Investments from USDA Rural Development
USDA Rural Development provides loans and grants to help expand economic opportunities, create jobs and improve the quality of life for millions of Americans in rural areas. This assistance supports infrastructure improvements; business development; housing; community facilities such as schools, public safety and healthcare; and high-speed internet access in rural, Tribal and high-poverty areas. Visit the Rural Data Gateway to learn how and where these investments are impacting rural America.
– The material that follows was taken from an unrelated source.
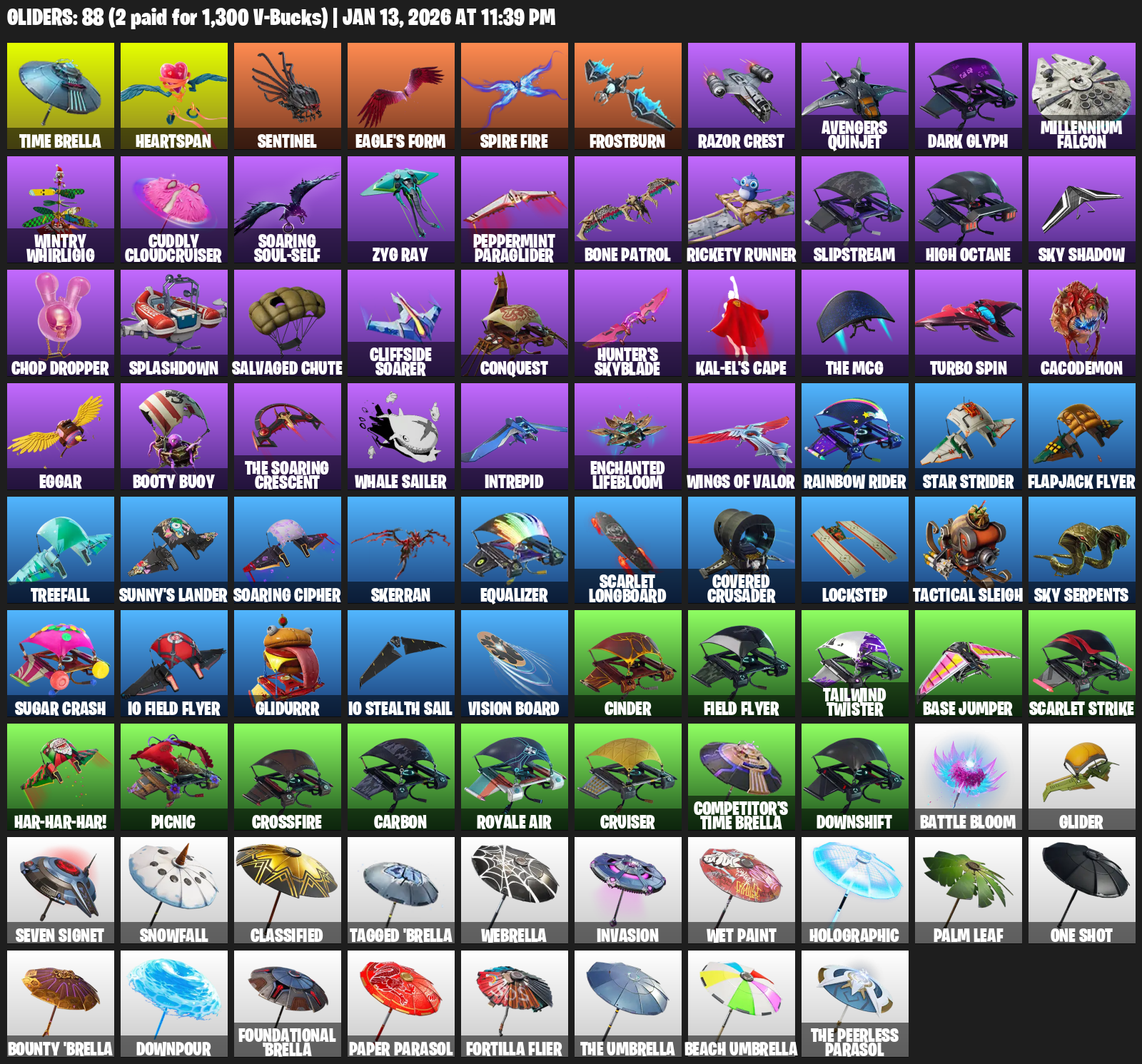 Time Brella, Heartspan, Frostburn, Razor Crest, Avengers Quinjet, Dark Glyph, Millennium Falcon, Wintry Whirligig, Cuddly Cloudcruiser, Soaring Soul-Self, Zyg Ray, Peppermint Paraglider, Bone Patrol, Rickety Runner, Slipstream, High Octane
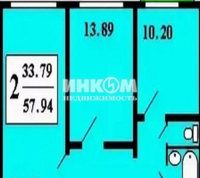 2-комнатная квартира, 58 м², этаж 3/22

These investments made through the Inflation Reduction Act are powering the Biden-Harris Administration’s efforts to make USDA programs more inclusive, accessible and available to more people than ever before so that these benefits are felt for generations to come. Many of these programs are also part of the Biden-Harris Administration’s Justice40 Initiative, which is advancing environmental justice by ensuring that 40% of the overall benefits of certain federal climate, clean energy, and other investments reach disadvantaged communities that are marginalized by underinvestment and overburdened by pollution.